2. Data structuring for processing
        PROOF [3], Parallel ROOT Facility, is a special ROOT tool that uses natural parallelism of
data structures located in files of a special format and providing direct access to any individual value.
In our previous work [4], we compared the efficiency of data processing using PROOF and a special
class for threading, as well as the OpenMP technology. It showed the high performance of PROOF, if
the analysis contained a large number of mathematical operations and was performed on a large
amount of data. The present article will study the question of whether the PROOF performance
depends on the way the data file is organized, and also consider the possibilities of speeding up data
writing, provided this process is parallelized.
        The calculations were performed using the ROOT 6.13 and PROOF-Lite versions. For their
operation on the HybriLIT cluster, six CPU cores were reserved. PROOF was running at different
values of the number of workers. As long as the number of workers started does not exceed the
number of cores, one worker process completely occupied the processor core. If, when starting
PROOF, more workers than the number of reserved cores were called, then naturally; several workers
were sharing one processor core.
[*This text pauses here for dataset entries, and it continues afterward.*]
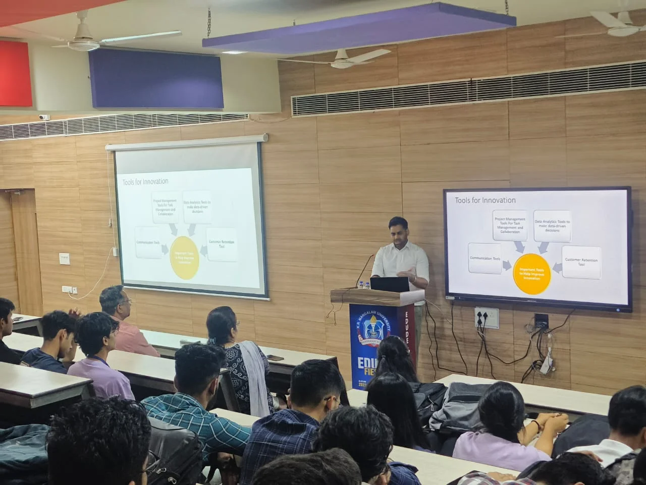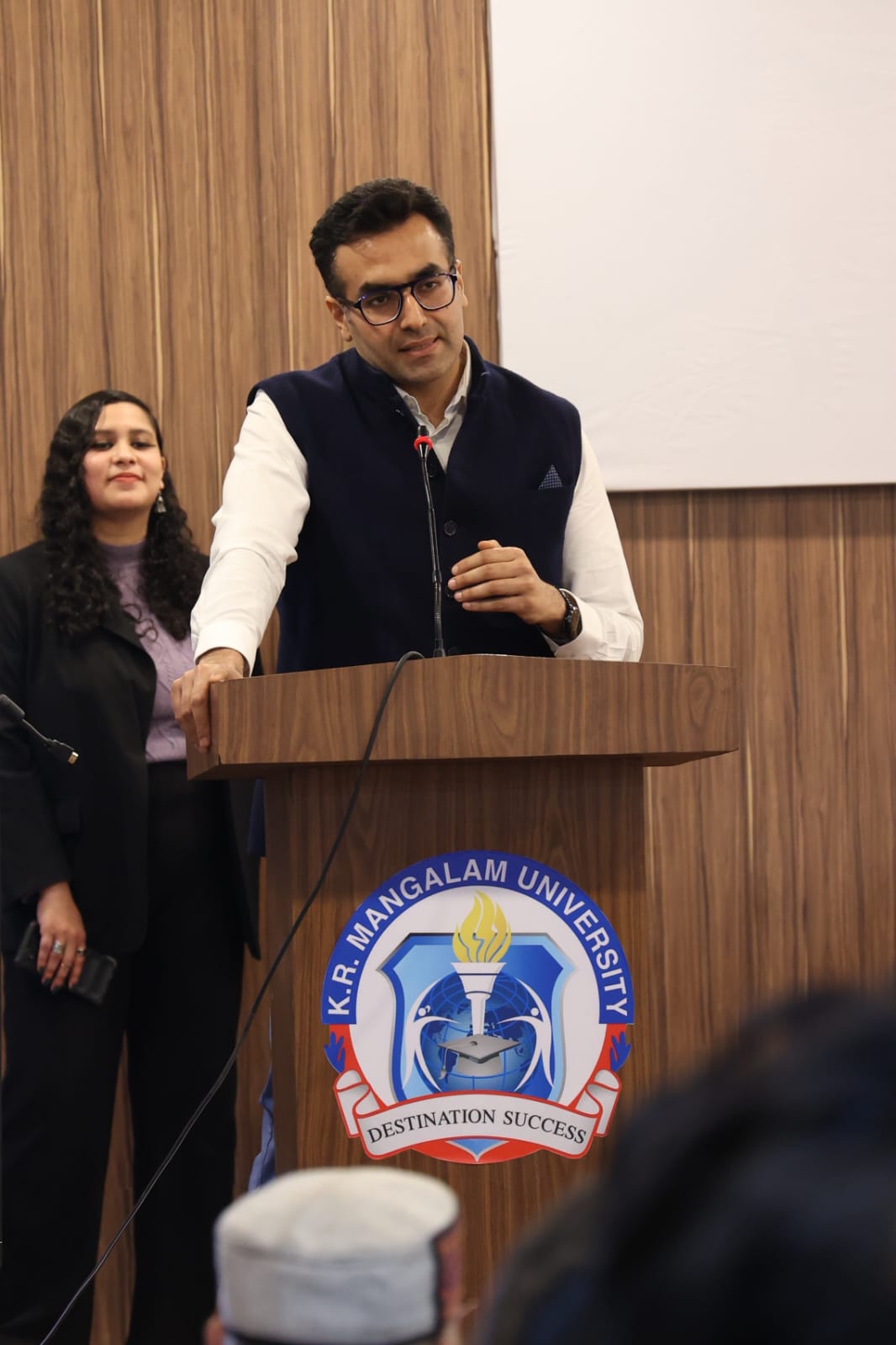 K.R. Mangalam University organised an insightful Expert Talk titled “Engineering Your Path: The Entrepreneurial Mindset.” The session was delivered by Mr. Sanjay Kumar Malik, Director at Lepton Projects Private Limited, who shared valuable insights on innovation, self-driven success, and entrepreneurial thinking.
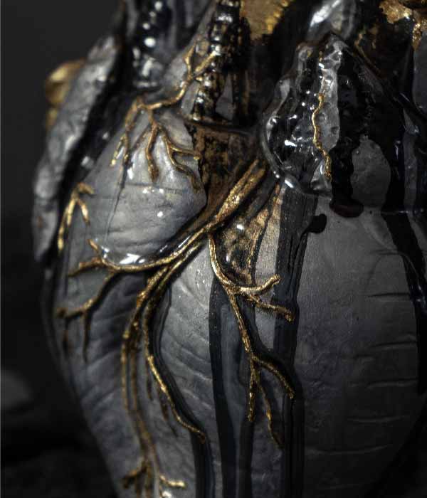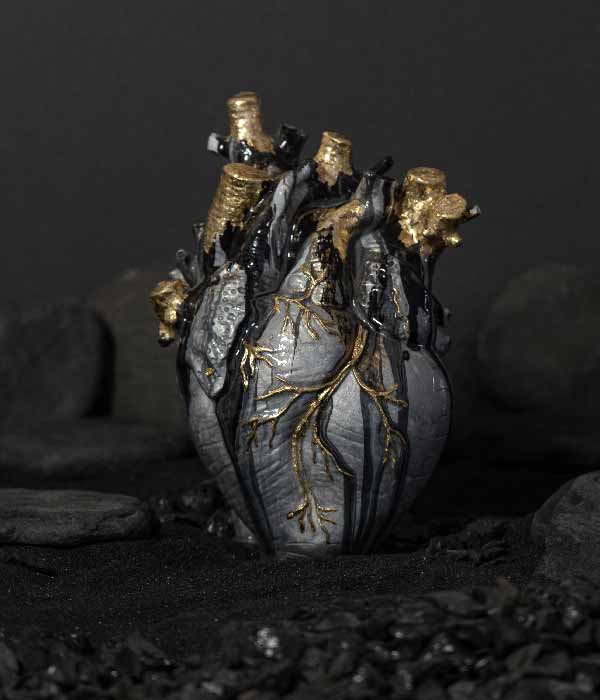 Cada pieza nace de la cueva de la fábrica en Villa de Leyva, un espacio que se volvió templo creativo y punto de partida de esta colección. Allí se dio forma a 21 corazones numerados, concebidos como reliquias contemporáneas.
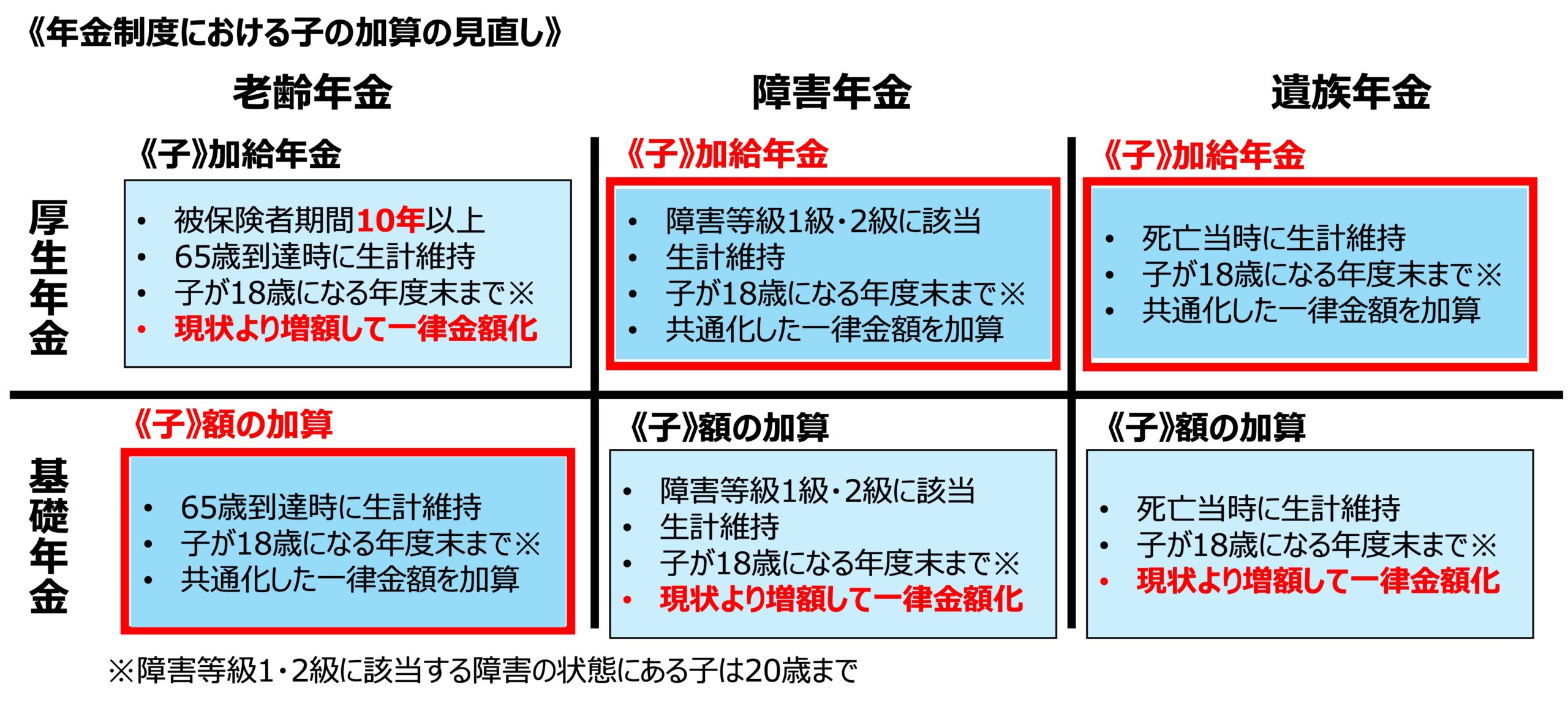 - こうした足もとの変化を受けて、年金制度においても、さらに、次代の社会を担う子どもの育ちを支援し、子を持つ年金受給者の保障を強化する観点から、次のような視点で見直しを検討してはどうか。
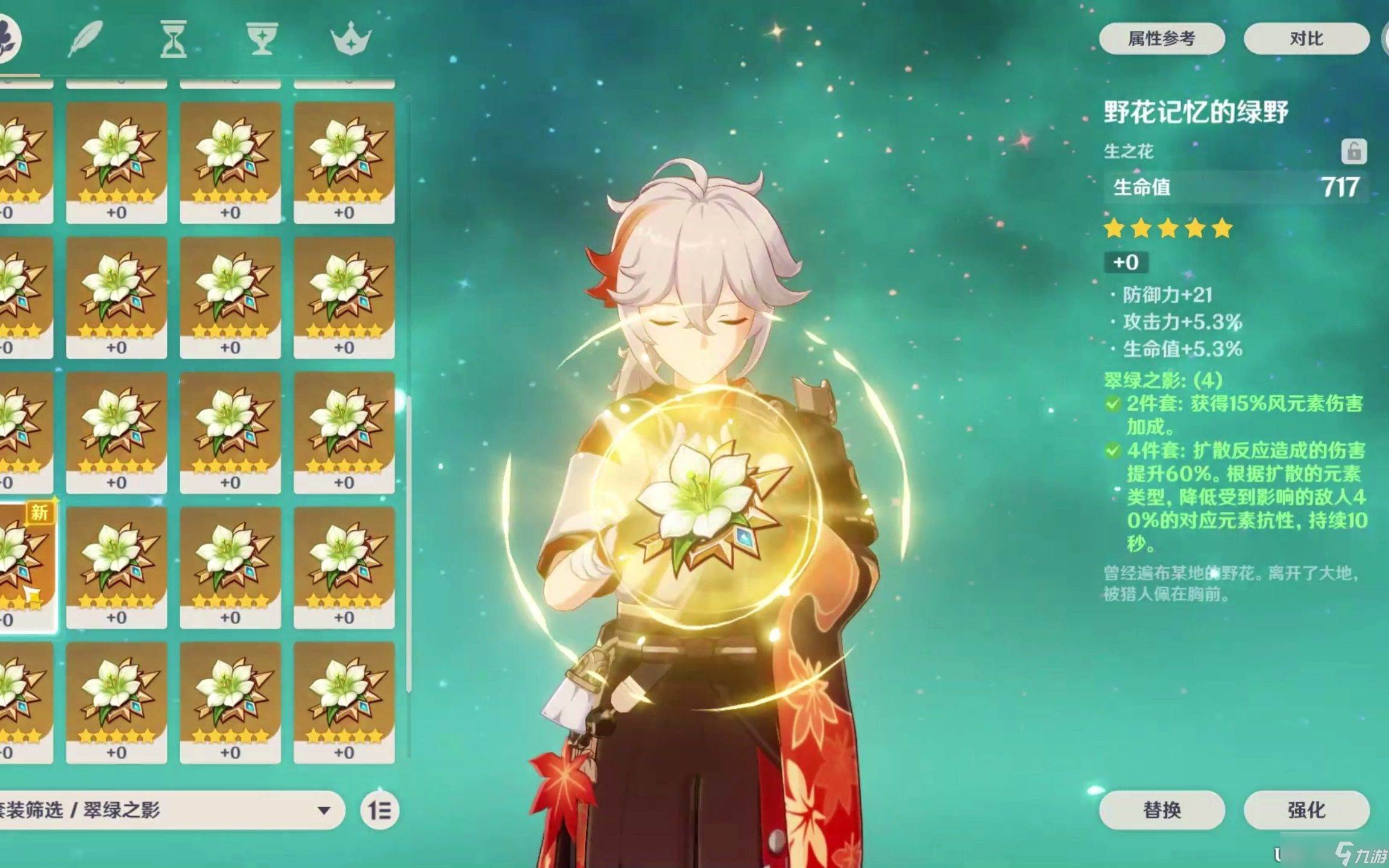 万叶的圣遗物非常简单,几乎没有第二种方式,只有一种搭配方式,就是翠绿之影风套,风系辅助需要给水、火、冰、雷增伤和减抗时候,一定首选风套对,风套带了以后,万叶的精通又能增加他的扩散反应伤害,又能增加给全队的元素伤害加成,所以我们万叶一定去堆元素精通,不管是345号位的主属性,1号位、2号位的副属性,全部都是找元素精通。

The acceleration factor (the ratio of the execution time of a macro in
a non-parallel version and the time of a macro in a parallel version) was actively growing with an
increase in workers from two to six, then its value stabilized. When starting PROOF with more than
12 workers, the acceleration rate decreased smoothly. The data shown in the graphs was obtained with
workers equal to six.
        To represent data in ROOT, a special class TTree was developed, it was optimized to reduce
disk space and increase the data access rate. All variables are presented in the form of leaves, which
are combined into branches, and the collection of branches forms a tree. The tree storage approach is
good for parallel architectures since each branch can be read independently of the other. The tree can
have different structures. We were interested in the question of how the organization of data in a tree
affected the effectiveness of using PROOF. We considered a simple tree with a list of variables, a tree
with structures and a tree with class objects.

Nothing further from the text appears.